Solbach and colleagues analyzed data and samples of 379 treatment-naive patients with HCV genotype 1 who participated in the INDIV-2 trial. All of the patients previously received therapy with pegylated interferon (PEG-IFN) with ribavirin for 24 to 72 weeks, depending on baseline viral load.

To determine any correlation between oxidized low-density lipoprotein (LDL), the researchers measured oxidized LDL using a commercial enzyme-linked immunosorbent assay system and then conducted in vitro studies using full-length and subgenomic HCV genomes replicating in hepatoma cells, according to the research.
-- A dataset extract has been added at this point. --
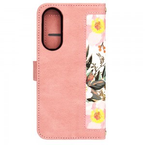 - A belső részen és a tok elejének egy sávján található élénk virágos minta – fehér alapon rózsaszín, sárga virágokkal és zöld levelekkel – friss és egyedi karaktert ad a készüléknek.

In univariate analysis, LDL and oxidized LDL serum were found to be associated with a sustained virologic response. Serum oxidized LDL levels were higher in patients who had achieved SVR from previous therapy compared with those who did not (P < .001). Multivariate analysis showed that oxidized LDL was an independent predictor of SVR, but not native LDL.

Oxidized LDL did not correlate with alanine transaminase serum or ferritin, as well as was not affected by exogenous interferon administration.

In addition, oxidized LDL did not change the sensitivity of HCV replication to interferon. However, HCV transmission from cell to cell was studied using an in vitro culture system and it was determined that oxidized LDL inhibited cell-to-cell spread. This may suggest there is a mechanism underlying the relationship between oxidized LDL and a sustained viral response to interferon therapy, according to the press release.

Decline of viral load after treatment with interferon-based therapy could be driven by the rate of infected cell loss, which is an important predictor for treatment response, according to the research.

“We provide data suggesting that [oxidized] LDL is neither a marker of inflammation nor a modulator of the interferon response, but might enhance SVR rates by limiting the rate of viral spread to uninfected cells,” the researchers concluded. “This finding may even be relevant for other forms of chronic viral disease as it suggests that entry inhibition may have a beneficial effect even in the context of already established infections.” – by Melinda Stevens

Disclosure: Solbach reports no relevant financial disclosures. Please see the study for a full list of all other authors’ relevant financial disclosures.